Therapeutic Milieu
Cedar Ridge Therapeutic School is a therapeutic boarding school, and our students participate in individual…
To create this milieu, clinical, academic, and home management staff meet formally once a week to discuss student and program needs as a comprehensive treatment team, we also interact on a daily basis, discussing students as a needed and supporting each other in what we do best – changing the lives of our students and their families.
Individual & Family Therapy
As a main part of the therapeutic milieu of our boarding school, each student participates in individual and family therapy with a state licensed Master or PhD level therapist.

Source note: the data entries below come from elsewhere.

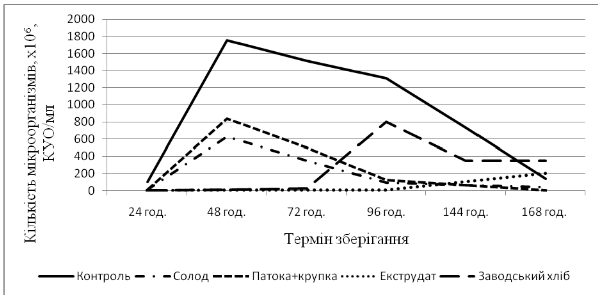
Рис.2. Зміна вмісту мікроорганізмів у хлібі у процесі його зберігання

Відповідно до попередніх досліджень, хліб випечений на заводі стає непридатним до вживання вже на 4 добу через пліснявіння.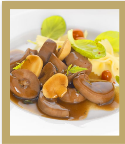
ROGNONS DE PORC SAUCE MADÈRE Poche de 2.400 kg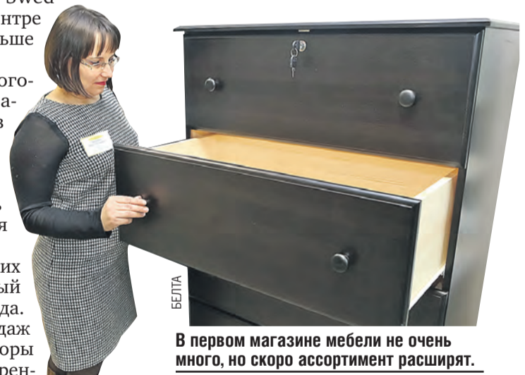
В первом магазине мебели не очень много, но скоро ассортимент расширят.

Подготовили Софья АРСЕНЬЕВА, Руфина ЖАЛЯЕВА, Евгения ЗАБОЛОТСКИХ.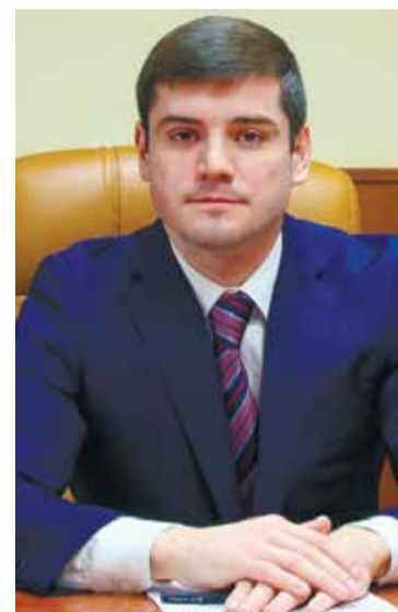
Дорогие жители района Фили-Давыдково!

Поздравляю Вас с наступающим Новым годом и светлым праздником Рождества Христова! Новый год — время новых надежд, успехов и побед. Самый любимый и добрый праздник, который с нетерпением ждут все: и взрослые, и дети. Он объединяет нас вокруг главных ценностей: любви к детям, к родителям, к своим близким. Это время, когда все мы вспоминаем самые яркие события года уходящего и загадываем желания.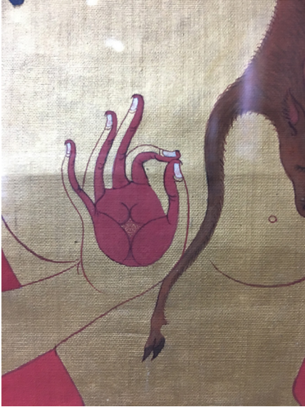
Рис. 3б. Фрагмент тангка «Бодхисатва Майтрейя» Дзанабазара. Правая длань бодхисатвы в жесте проповеди с изображением дхармачакры в центре ладони

лесистыми горами, где очень реалистично прорисованы хвойные деревья и кустарник (рис. 3в). На переднем плане – синие волны моря. Перед божеством, под лotosовым пьедесталом, стоит оранжевая чаша, пиала, наполненная подношениями Пяти органам чувств (панчака магуна). В верхней части тангка справа и слева изображены солнце и луна в виде двух дисков, в верхних углах – два золотых субургана, в киотах которых видна фигура восседающего будды.

After an initial assessment by our clinical director, Shane Whiting PhD, each student and family is assigned to an appropriate Therapist on our clinical staff. Therapy sessions for a students are one hour each week, with weeks alternating between individual work and a family session via phone.
Family Workshops
Cedar Ridge Therapeutic School hosts Family Workshops four times each year, when parents join their students for two days of presentations, forums, experiential, and teacher conferences. Families participate in at least one session in person with their therapist during the workshops.
Group Therapy
In addition to the individual and family therapy sessions, students also participate in seven hours of group therapy each week. Group therapy includes specialized small groups to target specific issues (ie. chemical dependency, relationships, adoption, grief and loss, dialectical behavioral therapy), a mini-workshop “Big Group” that involves the entire coed campus family meetings that involve the students who shape a family-style dorm and their home’s assigned staff.
Drug and Alcohol Use Treatment
Cedar Ridge’s Approach to drug and alcohol issues is also individualized for each student. However, students are mentored in undertaking specific tasks to address drug and alcohol related problems. The primary task involves using the Fears Chart to assist our struggling teens in identifying and working through unresolved issues such as traumas, grief, repression, etc. This approach is consistent with recent research that show this style to be more successful with teens in a therapeutic stetting that traditional AA or NA models.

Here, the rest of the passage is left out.